Neural Network Compression Framework (NNCF) is a toolset for Neural Networks model compression. The framework organized as a Python module that can be built and used as standalone or within samples distributed with the code. The samples demonstrate the usage of compression methods on public models and datasets for three different use cases: Image Classification, Object Detection, and Semantic Segmentation.
- Now using PyTorch 1.5 and CUDA 10.2 by default
- Support for exporting quantized models to ONNX checkpoints with standard ONNX v10 QuantizeLinear/DequantizeLinear pairs (8-bit quantization only)
- Compression algorithm initialization moved to the compressed model creation stage
- Filter pruning algorithm added
- Mixed precision quantization with manual and automatic (HAWQ-powered) precision setup
- Support for DistilBERT
- Selecting quantization parameters based on hardware configuration preset (CPU, GPU, VPU)
- Propagation-based quantizer position setup mode (quantizers are position as early in the network control flow graph as possible while keeping inputs of target operation quantized)
- Improved model graph tracing with introduction of input nodes and intermediate tensor shape tracking
- Updated third-party integration patches for consistency with NNCF release v1.3
- CPU-only installation mode for execution on machines without CUDA GPU hardware installed
- Docker images supplied for easier setup in container-based environments
- Usability improvements (NNCF config .JSON file validation by schema, less boilerplate code, separate logging and others)
- Support for transformer-based networks quantization (tested on BERT and RoBERTa)
- Added instructions and Git patches for integrating NNCF into third-party repositories (mmdetection, transformers)
- Support for GNMT quantization
- Regular expression format support for specifying ignored/target scopes in config files - prefix the regex-enabled scope with {re}
- Binary networks using XNOR and DoReFa methods
- Asymmetric quantization scheme and per-channel quantization of Convolution
- 3D models support
- Support of integration into the mmdetection repository
- Custom search patterns for FakeQuantize operation insertion
- Quantization of the model input by default
- Support of quantization of non-ReLU models (ELU, sigmoid, swish, hswish, and others)
- Support of symmetric quantization and two sparsity algorithms with fine-tuning
- Automatic model graph transformation.
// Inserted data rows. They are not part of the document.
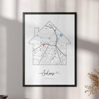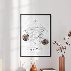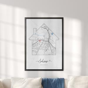 Ein neues Heim, ein neues Glück. Das perfekte Geschenk zum Umzug, Eigenheim, Einweihung oder Richtfest. Jeder Ort ist möglich. Markieren die neue Adresse und andere wichtige Orte. Einfach den Ort eingeben und nach deinen Wünschen personalisieren.
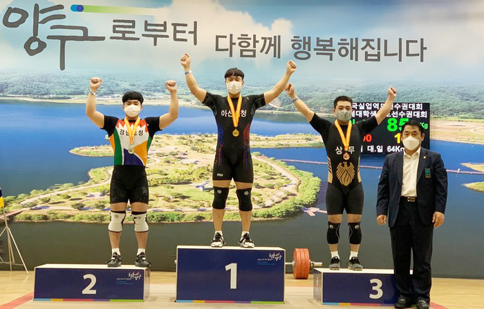 강원도 양구군 용하체육관에서 열린 대회에서 올해 2월 국가대표로 선출된 양지웅 선수가 인상 1위, 용상 2위, 합계 1위를 차지했다.
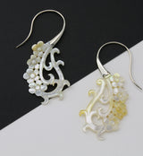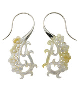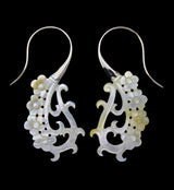 Pretty flower adorned hangers/earrings made from beautiful mother of pearl. They are a size 18G and have white brass wire. Lightweight. Height is 75mm and width is 32mm. Each piece is handcrafted so it will be unique in pattern and color. Sold in pairs (2 pcs).

The model is wrapped by the custom class and additional layers are inserted in the graph. The transformations are configurable.
- Three training samples which demonstrate usage of compression methods from the NNCF:
- Image Classification: torchvision models for classification and custom models on ImageNet and CIFAR10/100 datasets.
- Object Detection: SSD300, SSD512, MobileNet SSD on Pascal VOC2007, Pascal VOC2012, and COCO datasets.
- Semantic Segmentation: UNet, ICNet on CamVid and Mapillary Vistas datasets.
- Unified interface for compression methods.
- GPU-accelerated Quantization layer for fast model fine-tuning.
- Distributed training support in all samples.
- Configuration file examples for sparsity, quantization and sparsity with quantization for all three samples. Each type of compression requires only one additional stage of fine-tuning.
- Export models to the ONNX format that is supported by the OpenVINO toolkit.